Can a pilot wave be instantaneous?

[Terry M]

I don't understand why it cannot be. If a particle is "riding" a pilot wave and is guided by it, then the pilot wave must precede the particle in some way. But at what speed? Isn't the simplest explanation that the pilot wave is instantaneous, with the particle simply being a phase phenomenon of this wave? Specifically, the group velocity of the pilot wave? This group velocity is limited in some way to c, so there are no causality issues. And it seems to solve the non-locality issues of QM very nicely. I've looked at the literature a bit, including Bell's "Speakable and unspeakable in quantum mechanics," and can't seem to find any discussion of this.

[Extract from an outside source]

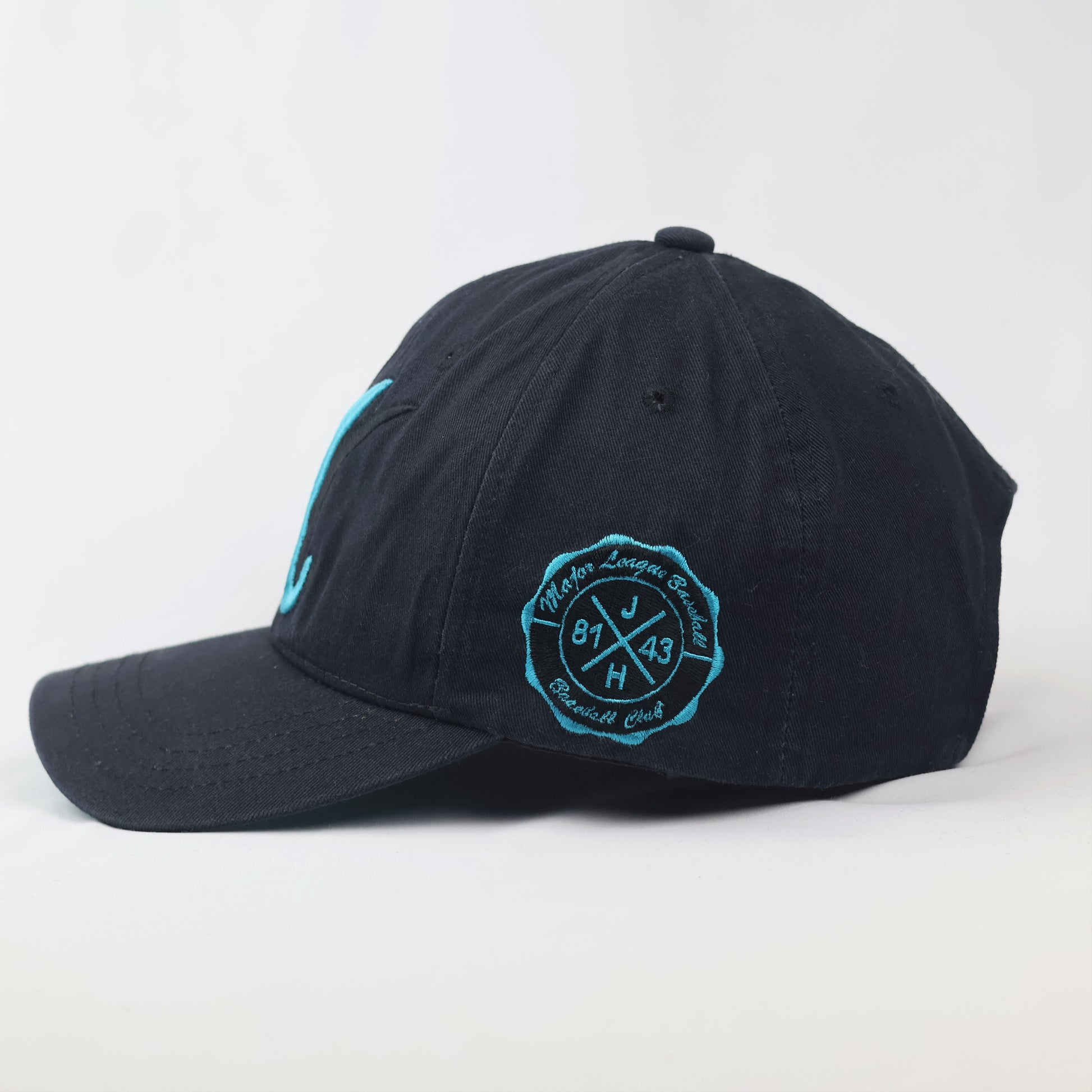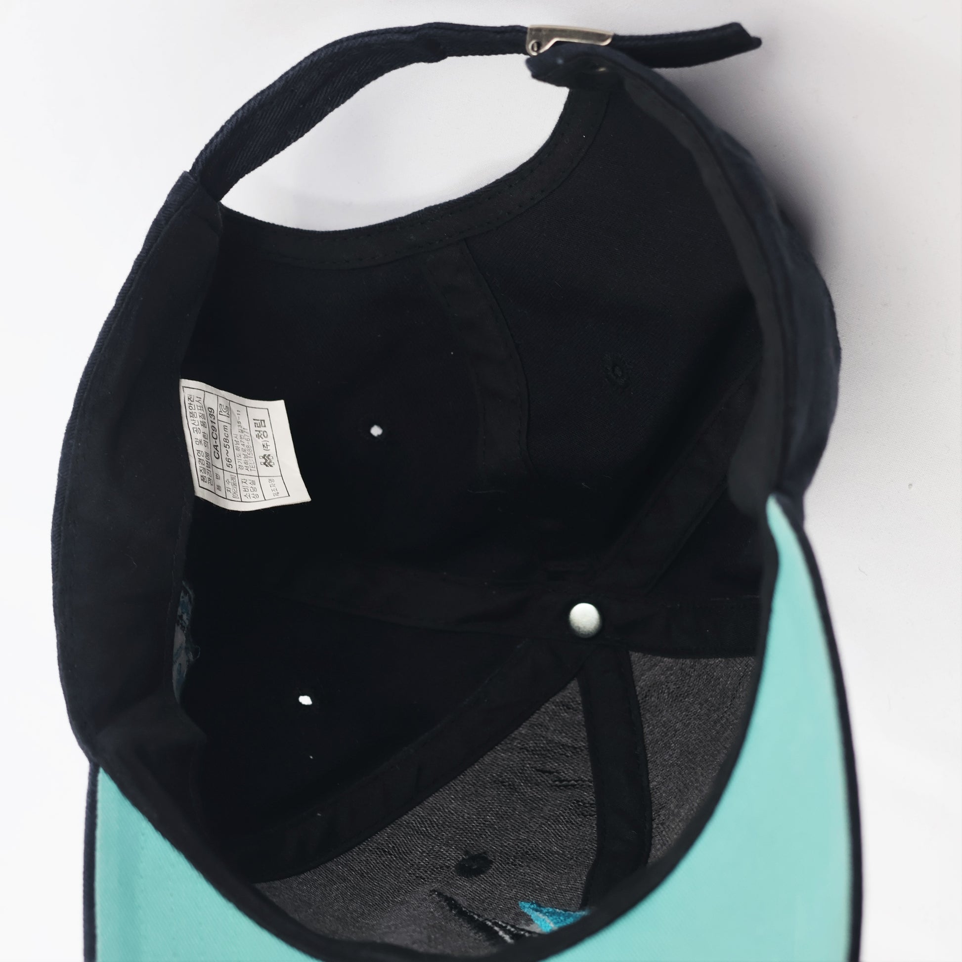 Color: Deep Navy Blue with Teal accents and a Teal under-brim.

I'm also slugging my way through very basic quantum field theory, and see Fourier transforms being used to go back and forth between first and second quantization. Within a box, and using the boundary conditions given by this box, the Fourier summation doesn't pose a problem. But without a box, it seems that the boundary conditions could require the entire universe. Again, an instantaneous pilot wave seems to address this.

 

[Demystifier]

The pilot wave is described by the Schrodinger equation or its relativistic cousin, so no, it is not instantaneous.

 

[Ilja]

Hm, the pilot wave is a function on the configuration space, and time. [itex]\Psi=\Psi(q, t)[/itex]. The notion of time here is absolute time, not some relativistic proper time or so, and not a measurable quantity (each clock has even a nonzero probability to go backward in time).

It guides the configuration, which is some global object - the configuration of the whole universe. And one part of the configuration in one part of the universe defines which part of the wave function is relevant to all the other parts - and this happens instantaneously. So, even if the evolution of the wave function may be defined by local Hamilton operators, it is a very global object and the whole theory is inherently nonlocal.

 

[Demystifier]

Yes, but the speed of wave propagation is finite. In that sense (which seems to me to be closer to what Terry M asked) it is not instantaneous.

 

[Terry M]

Thanks very much. I think I see my problem now. It is about under what conditions one may use the time-independent Schrodinger equation vs. the time-dependent one.
More for me to study!